● **Your task**:
Beginning at the line containing "写真 = (株)ライフ『Life", repeat each line below exactly up to and including the line containing "Figure 3 : Nouvelle". Do not repeat the pictures.

● **Information**:
>>
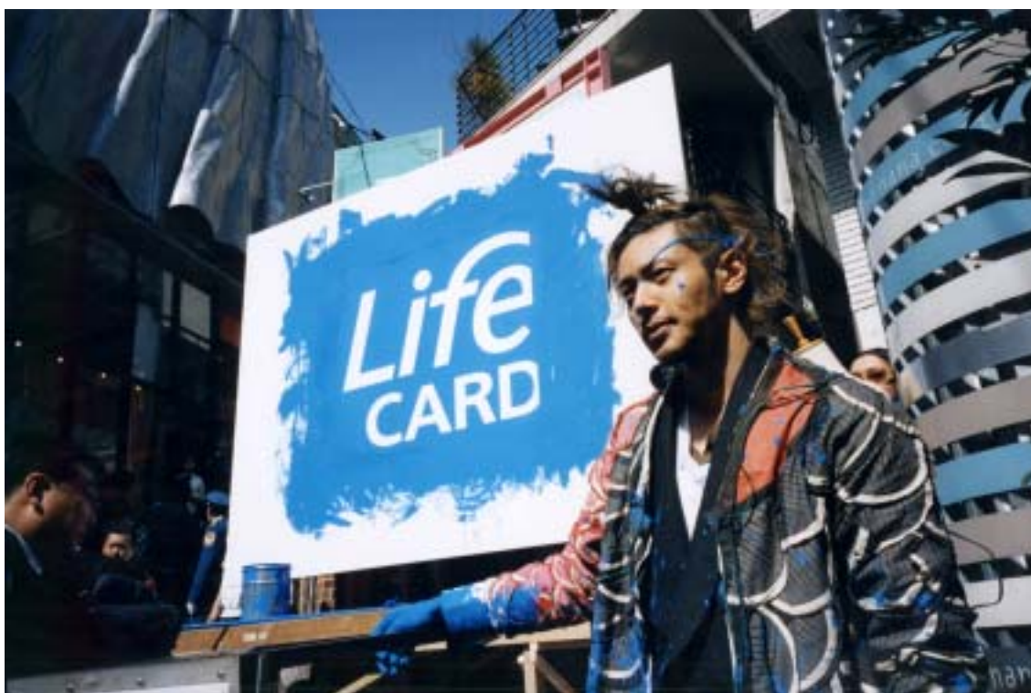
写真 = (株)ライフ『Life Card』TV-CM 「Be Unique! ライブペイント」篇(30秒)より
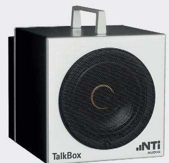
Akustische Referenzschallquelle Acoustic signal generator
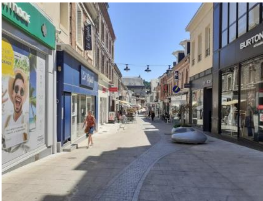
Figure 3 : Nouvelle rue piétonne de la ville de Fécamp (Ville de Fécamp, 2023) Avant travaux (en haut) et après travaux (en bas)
<<
>>
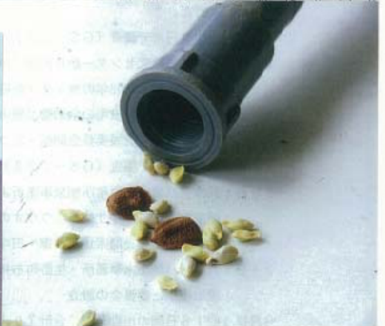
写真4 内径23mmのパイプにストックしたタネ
<<
● **Exercise answer**:
写真 = (株)ライフ『Life Card』TV-CM 「Be Unique! ライブペイント」篇(30秒)より
Akustische Referenzschallquelle Acoustic signal generator
Figure 3 : Nouvelle rue piétonne de la ville de Fécamp (Ville de Fécamp, 2023) Avant travaux (en haut) et après travaux (en bas)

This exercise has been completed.